§ What you will do:
Locate, in the data below, the line that contains "bột ăn dặm Humana" and the line that contains "傍晚时分,院党委书记黄菊香、"; reproduce exactly those two lines and every line between them, nothing more.
Source material Start Marker
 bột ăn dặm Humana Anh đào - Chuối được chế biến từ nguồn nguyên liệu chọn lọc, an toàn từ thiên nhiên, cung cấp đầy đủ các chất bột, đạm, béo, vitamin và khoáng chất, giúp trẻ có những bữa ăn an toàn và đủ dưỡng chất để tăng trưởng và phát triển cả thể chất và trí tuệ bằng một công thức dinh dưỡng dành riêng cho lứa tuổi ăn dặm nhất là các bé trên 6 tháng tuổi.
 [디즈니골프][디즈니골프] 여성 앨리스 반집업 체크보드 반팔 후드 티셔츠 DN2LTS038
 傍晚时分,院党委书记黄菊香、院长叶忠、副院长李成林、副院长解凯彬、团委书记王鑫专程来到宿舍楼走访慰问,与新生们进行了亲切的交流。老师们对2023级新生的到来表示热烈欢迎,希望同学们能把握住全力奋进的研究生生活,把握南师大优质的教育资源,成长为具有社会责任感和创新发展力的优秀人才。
Source material End Marker
Source material Start Marker
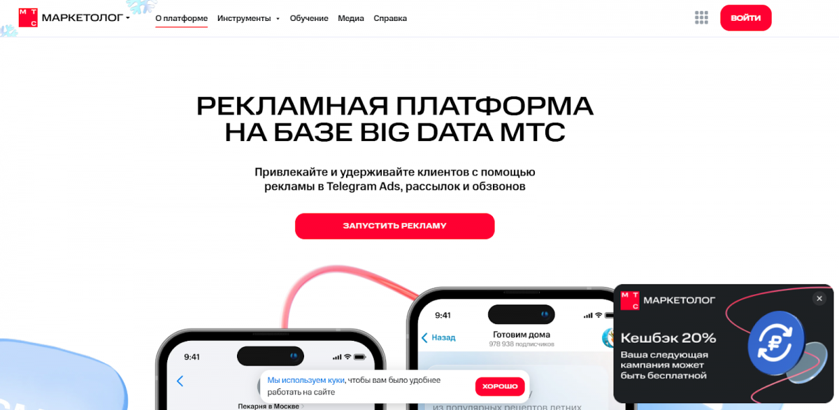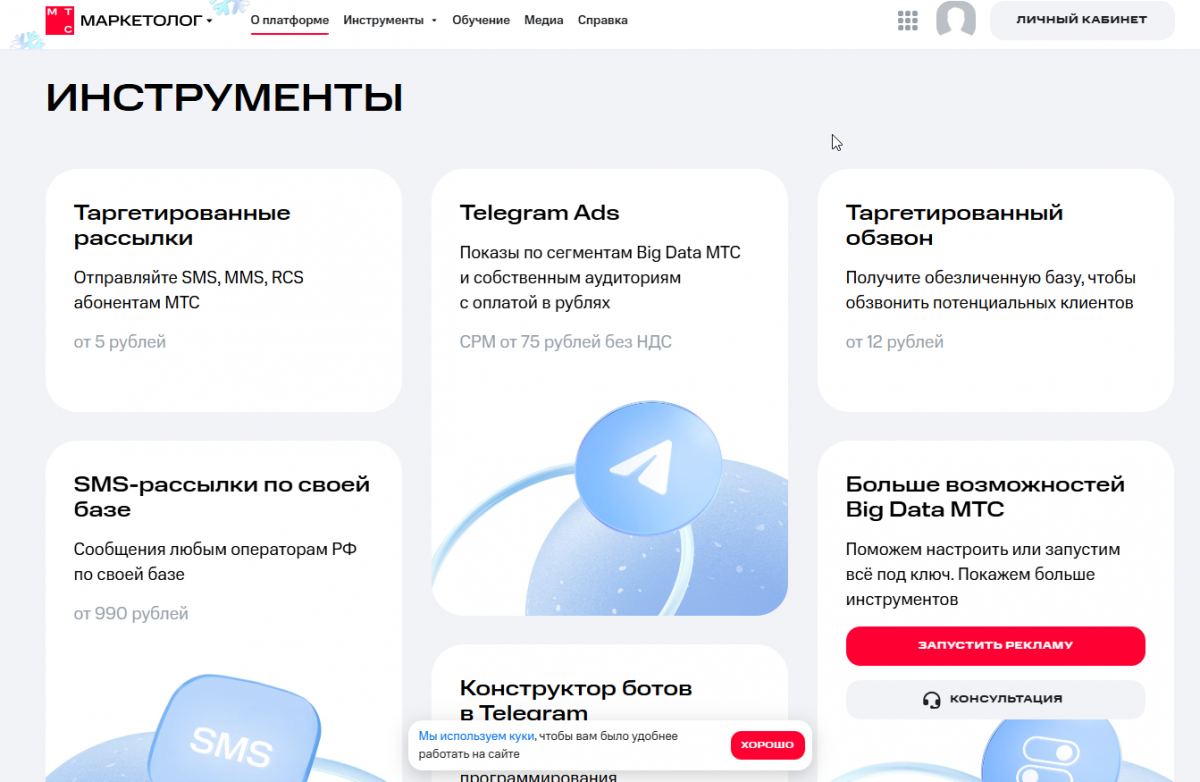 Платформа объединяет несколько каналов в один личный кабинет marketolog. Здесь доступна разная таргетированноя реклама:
Source material End Marker
§ Response box:
 bột ăn dặm Humana Anh đào - Chuối được chế biến từ nguồn nguyên liệu chọn lọc, an toàn từ thiên nhiên, cung cấp đầy đủ các chất bột, đạm, béo, vitamin và khoáng chất, giúp trẻ có những bữa ăn an toàn và đủ dưỡng chất để tăng trưởng và phát triển cả thể chất và trí tuệ bằng một công thức dinh dưỡng dành riêng cho lứa tuổi ăn dặm nhất là các bé trên 6 tháng tuổi.
 [디즈니골프][디즈니골프] 여성 앨리스 반집업 체크보드 반팔 후드 티셔츠 DN2LTS038
 傍晚时分,院党委书记黄菊香、院长叶忠、副院长李成林、副院长解凯彬、团委书记王鑫专程来到宿舍楼走访慰问,与新生们进行了亲切的交流。老师们对2023级新生的到来表示热烈欢迎,希望同学们能把握住全力奋进的研究生生活,把握南师大优质的教育资源,成长为具有社会责任感和创新发展力的优秀人才。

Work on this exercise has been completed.